The 1979 Ladies European Tour was the inaugural season of golf tournaments organised by the Women's Professional Golfers' Association (WPGA), which later became the Ladies European Tour (LET). The tour was principally sponsored by Carlsberg, who organised 12 36-hole tournaments counting towards their own Order of Merit. There were six other tournaments on the schedule including the Women's British Open, organised by the Ladies' Golf Union.

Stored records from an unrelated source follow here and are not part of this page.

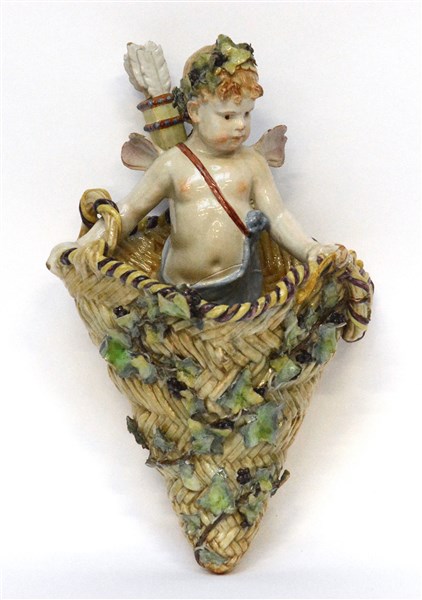 Manifattura di Ginori. Fioriera in ceramica decorata in policromia a tutto tondo ad amorino e grappoli d'uva (h. cm 44) (difetti)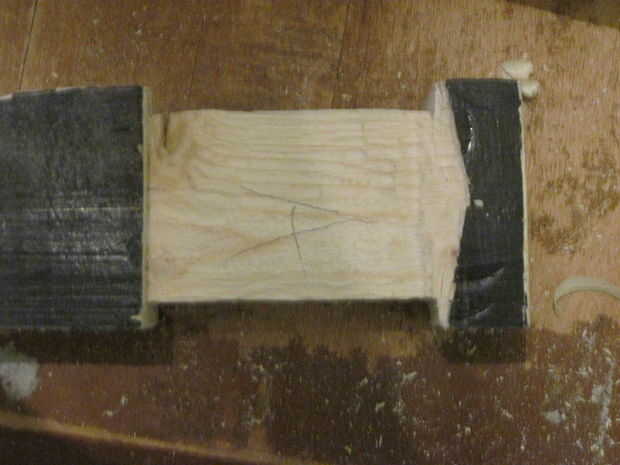 Después de recibir todas las piezas de cortan listo empezar a formar. A partir de la manija, traza el patrón de la cabeza del martillo a cada lado. Siguiente medida en pulgadas de 1/4 de cada borde y de la parte superior e inferior. Una vez marcado, empezar a quitar la madera. Usé la punta de la escofina para mi Dremmel, Sierra de marquetería y cinceles para hacer esto.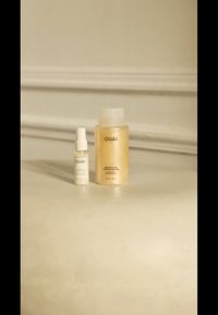 • Ριγέ, υπερμεγέθης γκρι σακάκι και παντελόνι με φαρδιές μπατζάκια, φορεμένα μπροστά σε μια υφιστάμενη τοιχοποιία με κλασικούς κίονες και ξύλινη πόρτα.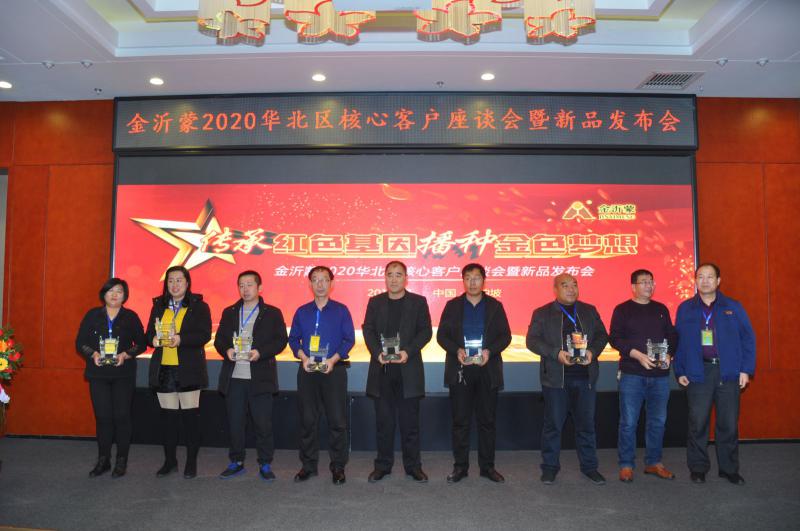 金沂蒙在發展歷程中,得到了廣大客戶朋友的大力支持,廠商之間建立了深厚的友誼,客戶的信賴與支持是金沂蒙發展的堅強后盾,讓金沂蒙在激烈的市場競爭中逆流而上。為了樹立標桿,激勵先進,金沂蒙對表現突出的客戶進行了表彰,授予“戰略合作伙伴”的榮譽稱號,金沂蒙生態肥業西北大區銷售總監趙仕金和河北大區銷售總監崔峰為獲獎者頒獎。來自河北大名的史總、山西壽陽的檀總和山西渾源的姜總分別發表了獲獎感言,分享了與金沂蒙合作的點滴,表達了將與金沂蒙攜手同行,共克時艱的信心與決心。

The Order of Merit was won by Cathy Panton, who finished just 1.5 points ahead of Women's British Open winner, Alison Sheard. Sheard topped the money list with almost £5,000 in winnings, over £1,000 more than runner-up Jane Panter. The Carlsberg Order of Merit was won by Christine Langford, who won three of the twelve events and finished as runner-up in two others.

==Tournaments==
The table below shows the 1979 schedule. The numbers in brackets after the winners' names show the number of career wins they had on the Ladies European Tour up to and including that event. This is only shown for members of the tour.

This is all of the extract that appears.